Right on all counts. He watched me chip five or six balls (it was always the worst part of my game), and he stepped back. He then spoke for a couple of minutes, and although I can't really recall any of it precisely, by the end I realised what he was telling me in his delicate, polite and rather roundabout way was:

"If we are to do this, then you, sir, will have to start from scratch. You will have to make many changes. You will have to do precisely as I tell you, whether you agree or not. And you must practise." I committed myself to him, and it was then I entered this parallel world.

He changed my grip, but that I had expected. Over the years it had become ludicrously strong. All the videos and instruction books say you should show at most two knuckles of the top hand; I was showing five (honest) and there was room for a sixth. And he got me to overlap the left little finger with the right pointer (remember, I'm a ciotog). It was awkward initially, of course, but it also, in a strange sense, felt right straightaway.

Then it was time to manufacture a shot. He wanted me to pop the ball straight up into the air, a Phil Mickelson special. To do this you hold the club face open flat, and break your wrists fully and instantly as you start the takeaway. Then, with a long, steep backswing, you chop down through the ball with a snap of the wrist. The thing hops up off the ground as if it had rolled onto a small landmine.

After a dozen - failed - attempts at this, I inquired sheepishly if this wasn't a rather sophisticated shot. "It is," he said. "Try again."

Practice? Since that day just over three weeks ago I have spent at least an hour, and usually more like two, every single day (bar two in Galway) popping golf balls up and down the Bull Island or out at Hollystown. The first two days were hellish, but then something clicked and I understood the method behind the apparent madness of asking a beginner to master a difficult shot: it is the essence of the golf swing, getting the hands to move through the ball.

Pop, pop, pop. Pop, pop, pop. When I got tired, or bored, or lost the rhythm, I'd have a right old cut at the ball - and lo and behold, the bloody thing would fly high and straight as an arrow. I could never do that before.

When I returned a week later for our second lesson I was delighted to see that the enormous improvement I thought I had made was as obvious to the boss as it was to me, and I think it was then that he began to believe that taking me on as a pupil wasn't going to turn out to be the worst decision of his life.

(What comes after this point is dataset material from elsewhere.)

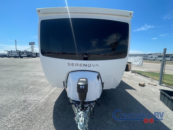 With any Serenova travel trailer by Grand Design, you will enjoy a smooth tow and at-home comforts wherever you decide to roam. There is a MORryde independent suspension plus MORryde shock, Goodyear Endurance tires, and Dexter tow assist with an anti-lock braking system and sway control for optimal handling. To help extend your camping season, there is an enclosed underbelly, a dedicated heat source with Thermafoil, heated dump valves plus thermostatically controlled 12V heating pads. Inside, you'll love the look of the imported Italian cabinetry, and there is a Klipsch whole home Bluetooth speaker so you can listen to your favorite tunes at the campground!

On our second lesson we hit a few seven irons, and he got me to steady my left (rear) knee to help transfer the weight. It had an instant effect: suddenly I felt remarkably balanced and, as a pleasant side effect, felt that I didn't need to swing so hard.

During that week I still spent the majority of my practise time pop pop popping, but I'd treat myself at the end of the session to firing off a few seven and five irons. I have never hit the ball so cleanly.

The third lesson, the entire, hour long lesson, was back pitching balls onto the green.

In these three weeks I haven't played a single round of golf, and yet, at the risk of sounding utterly ludicrous, I know that my game has entered another, much loftier plane. I'm striking the ball with an authority I could never have imagined.

That's all well and good, says you. Can you bring it out on the course? I don't know. I'll let you know in a couple of weeks.

I'll also tell you who this miracle worker of a coach is who has brought about this transformation.